▸ **Exercise goal**
Every record must come back unchanged, apart from the pictures, which are dropped.

[Collected data]
===============
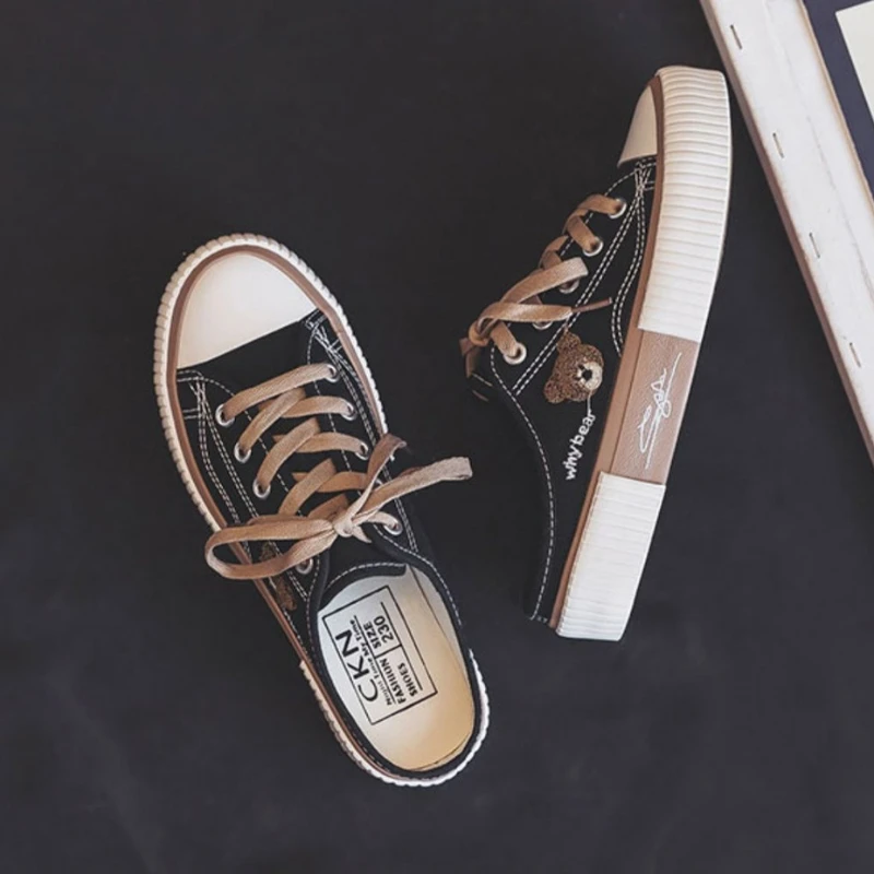 Women Cute Bear Canvas Shoes: New Flat Casual All-match Half
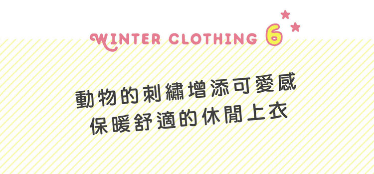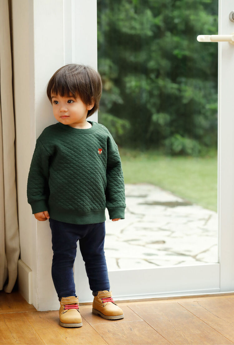 作為冬季的幼兒園穿搭服,無論擁有幾件皆十分便利的休閒上衣。採用富含空氣的保暖鋪棉材質,擁有4款色系,並且皆繡有刺蝟、松鼠、狐狸及貓頭鷹的動物圖案。觸感舒適且設計不會過於可愛,是永不退流行的設計。附有肩開的按扣設計,讓更衣更加方便。
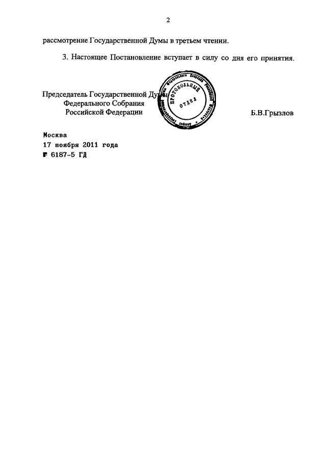 ПОСТАНОВЛЕНИЕ ГД ФС РФ от 17.11.2011 N 6187-5 ГД
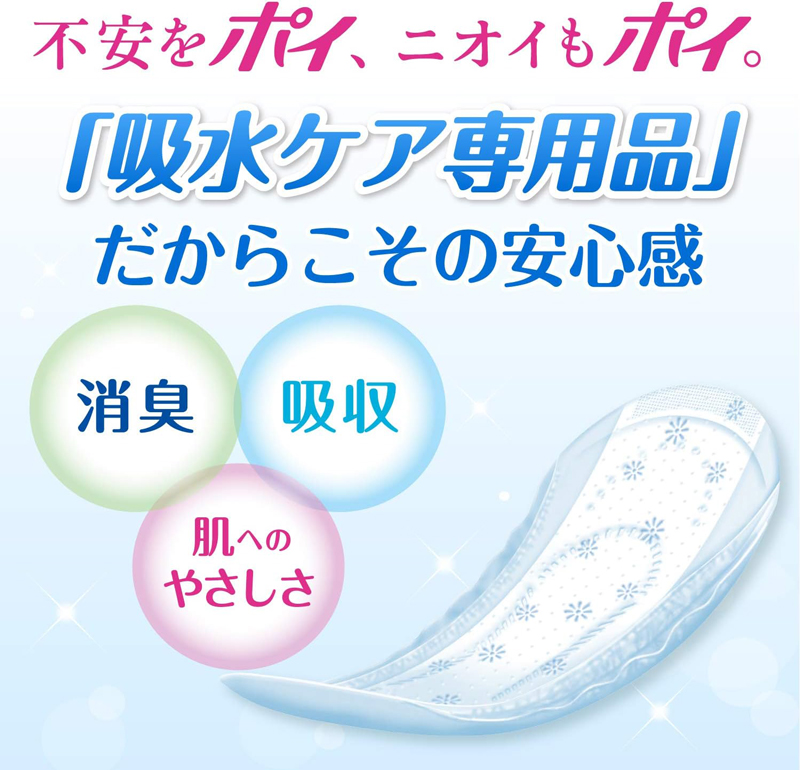・ポイズ 肌ケアパッドは、尿モレ(尿もれ)で悩んでいる方や、吸水ケアを生理用ナプキンで代用している方におすすめな尿ケア専用品(尿漏れパッド)。
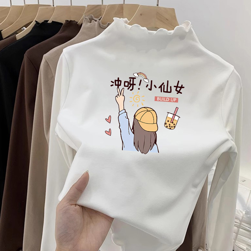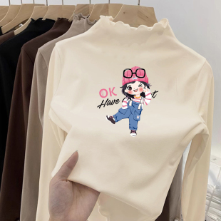 新款 女童德绒秋冬装 T恤木耳边打底衫 宝宝长袖 春秋儿童上衣潮 童装
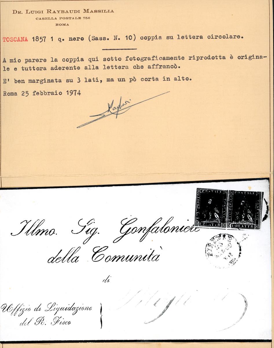 TOSCANA 1852/1859 - Bell'insieme di 14 lettere affrancate del periodo. Buona varietà di combinazioni e tariffe. Notata una coppia del 1 q. (10) isolata ed una coppia 1 cent. (17), isolata, entrambe cert. Raybaudi. Alto valore di catalogo. Ex coll. Imperato.
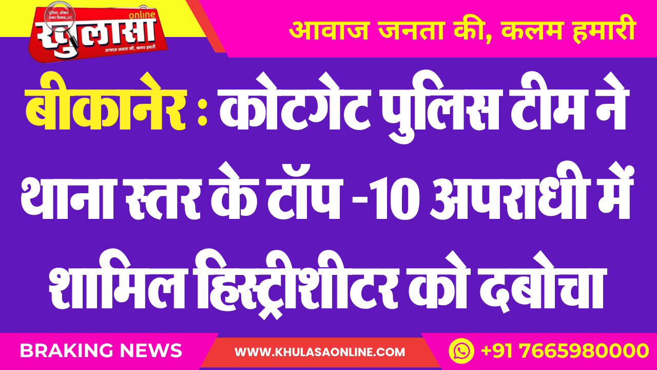 बीकानेर : कोटगेट पुलिस टीम ने थाना स्तर के टॉप -10 अपराधी में शामिल हिस्ट्रीशीटर को दबोचा
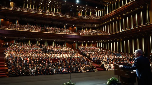 Cumhurbaşkanı Erdoğan, Beştepe Millet Kongre ve Kültür Merkezi'nde, Yükseköğretim Kurulu 2023-2024 Akademik Yılı Açılış Töreni'nde konuştu. Erdoğan, üniversitelerin birer bilim yuvası olmaları yanında öğrencilerin entelektüel gelişmelerine katkı sunan, yeteneklerini keşfetmelerini sağlayan, kendi gelenekleri olan evrensel kurumlar olduğunu söyledi. Erdoğan, "Üniversiteler yetiştirdiği nesillerle bir memleketin hem tarihini ve hem talihini değiştirir. Beşeri, ekonomik ve sosyal kalkınmanın lokomotifi olan üniversiteler ülkeler açısından uluslararası düzeyde rekabetin itici gücünü oluşturur. Üniversiteleri sadece bilim ya da meslek öğrenme yeri olarak görmek sığ bir bakış açısıdır. Üniversitenin esas işlevi kültür aktarımına ve gelişimine öncülük etmek, döneminin fikirler sistemini inşa etmek, her alanda toplumun seviyesini yükseltmektir. Dolayısıyla üniversite toplumun ve hayatın dışında değil; bilakis tam merkezinde yer alan bir müessesedir. Üniversiteler ne kadar dinamik, ne kadar üretken, özgür, gelişmiş olursa toplum da bundan o derece olumlu etkilenir. Tersi bir durumda ise toplumun önce durağanlaşması ardından eğitim, kültür, sanat, bilim ve sanayide gerilemesi kaçınılmazdır. Gerek kendi geçmişimize gerekse dünya tarihine baktığımızda bunun sayısız örneği ile karşılaşıyoruz" ifadelerini kullandı.
===============
▸ **Output of the task**
 Women Cute Bear Canvas Shoes: New Flat Casual All-match Half
 作為冬季的幼兒園穿搭服,無論擁有幾件皆十分便利的休閒上衣。採用富含空氣的保暖鋪棉材質,擁有4款色系,並且皆繡有刺蝟、松鼠、狐狸及貓頭鷹的動物圖案。觸感舒適且設計不會過於可愛,是永不退流行的設計。附有肩開的按扣設計,讓更衣更加方便。
 ПОСТАНОВЛЕНИЕ ГД ФС РФ от 17.11.2011 N 6187-5 ГД
・ポイズ 肌ケアパッドは、尿モレ(尿もれ)で悩んでいる方や、吸水ケアを生理用ナプキンで代用している方におすすめな尿ケア専用品(尿漏れパッド)。
 新款 女童德绒秋冬装 T恤木耳边打底衫 宝宝长袖 春秋儿童上衣潮 童装
 TOSCANA 1852/1859 - Bell'insieme di 14 lettere affrancate del periodo. Buona varietà di combinazioni e tariffe. Notata una coppia del 1 q. (10) isolata ed una coppia 1 cent. (17), isolata, entrambe cert. Raybaudi. Alto valore di catalogo. Ex coll. Imperato.
 बीकानेर : कोटगेट पुलिस टीम ने थाना स्तर के टॉप -10 अपराधी में शामिल हिस्ट्रीशीटर को दबोचा
 Cumhurbaşkanı Erdoğan, Beştepe Millet Kongre ve Kültür Merkezi'nde, Yükseköğretim Kurulu 2023-2024 Akademik Yılı Açılış Töreni'nde konuştu. Erdoğan, üniversitelerin birer bilim yuvası olmaları yanında öğrencilerin entelektüel gelişmelerine katkı sunan, yeteneklerini keşfetmelerini sağlayan, kendi gelenekleri olan evrensel kurumlar olduğunu söyledi. Erdoğan, "Üniversiteler yetiştirdiği nesillerle bir memleketin hem tarihini ve hem talihini değiştirir. Beşeri, ekonomik ve sosyal kalkınmanın lokomotifi olan üniversiteler ülkeler açısından uluslararası düzeyde rekabetin itici gücünü oluşturur. Üniversiteleri sadece bilim ya da meslek öğrenme yeri olarak görmek sığ bir bakış açısıdır. Üniversitenin esas işlevi kültür aktarımına ve gelişimine öncülük etmek, döneminin fikirler sistemini inşa etmek, her alanda toplumun seviyesini yükseltmektir. Dolayısıyla üniversite toplumun ve hayatın dışında değil; bilakis tam merkezinde yer alan bir müessesedir. Üniversiteler ne kadar dinamik, ne kadar üretken, özgür, gelişmiş olursa toplum da bundan o derece olumlu etkilenir. Tersi bir durumda ise toplumun önce durağanlaşması ardından eğitim, kültür, sanat, bilim ve sanayide gerilemesi kaçınılmazdır. Gerek kendi geçmişimize gerekse dünya tarihine baktığımızda bunun sayısız örneği ile karşılaşıyoruz" ifadelerini kullandı.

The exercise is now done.